Constricting flow diverter
In one aspect of the present invention, a downhole assembly has a downhole tool string component with a bore adapted to accommodate drilling mud having a central passage and at least one periphery passage. At least two movable segments are peripherally positioned around a bore wall adapted to constrict a diameter of the central passage and are adapted to divert drilling mud into the at least one periphery passage. At least one opening mechanism is adapted to move a portion of the at least two movable segments toward the bore wall.
This invention relates to downhole drilling assemblies, specifically downhole drilling assemblies for use in oil, gas, geothermal, and horizontal drilling. The ability to efficiently provide a power source downhole is desirable to electronically and mechanically power downhole instrumentation.
U.S. Pat. No. 5,626,200 to Gilbert et al., which is herein incorporated by reference for all that it contains discloses a logging-while-drilling tool for use in a wellbore in which a well fluid is circulated into the wellbore through the hollow drill string. In addition to measurement electronics, the tool includes an alternator for providing power to the electronics, and a turbine for driving the alternator. The turbine blades are driven by the well fluid introduced into the hollow drill string. The tool also includes a deflector to deflect a portion of the well fluid away from the turbine blades.
U.S. Pat. No. 5,839,508 to Tubel et al., which is herein incorporated by reference for all that it contains, discloses an electrical generating apparatus which connects to the production tubing. In a preferred embodiment, this apparatus includes a housing having a primary flow passageway in communication with the production tubing. The housing also includes a laterally displaced side passageway communicating with the primary flow passageway such that production fluid passes upwardly towards the surface through the primary and side passageways. A flow diverter may be positioned in the housing to divert a variable amount of the production fluid from the production tubing and into the side passageway. In accordance with an important feature of this invention, an electrical generator is located at least partially in or along the side passageway. The electrical generator generates electricity through the interaction of the flowing production fluid.

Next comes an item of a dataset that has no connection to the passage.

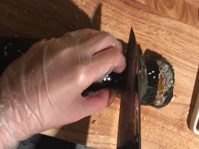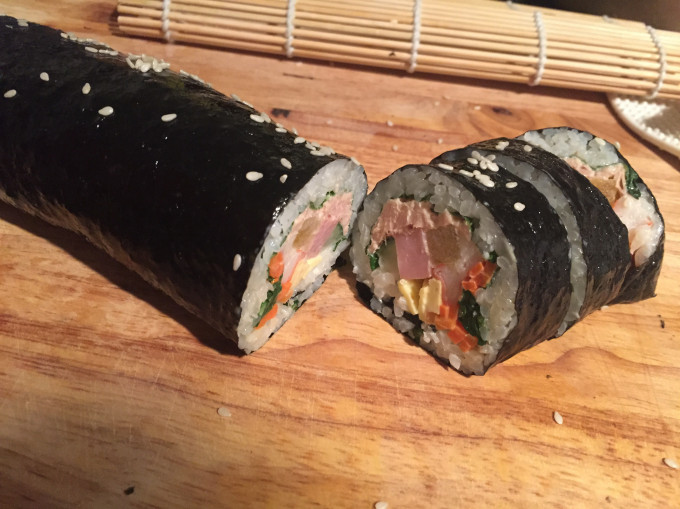 最後灑點白芝麻做裝飾,將紫菜包飯切成多份就可以享用了! 做很多想留到明天給小孩或自己帶到學校或上班當午餐的朋友們可以試試用鋁箔包將切好的紫菜包飯包起,午餐想享用時很方便!

U.S. Pat. No. 4,211,291 to Kellner, which is herein incorporated by reference for all it contains, discloses a drill fluid powered hydraulic system used for driving a shaft connected to a drill bit is disclosed. The apparatus includes a hydraulic fluid powered motor actuated and controlled by hydraulic fluid. The hydraulic fluid is supplied to the hydraulic fluid powered motor through an intermediate drive system actuated by drill fluid. The intermediate drive system is provided with two rotary valves and two double sided accumulators. One of the rotary valves routes the hydraulic fluid to and from the accumulators from the drill fluid supply and from the accumulators to the drill bit. The rotary valves are indexed by a gear system and Geneva drive connected to the motor or drill shaft. A heat exchanger is provided to cool the hydraulic fluid. The heat exchanger has one side of the exchange piped between the drill fluid inlet and the drill fluid rotary valve and the other side of the exchange piped between the hydraulic fluid side of the accumulators and the hydraulic fluid rotary valve.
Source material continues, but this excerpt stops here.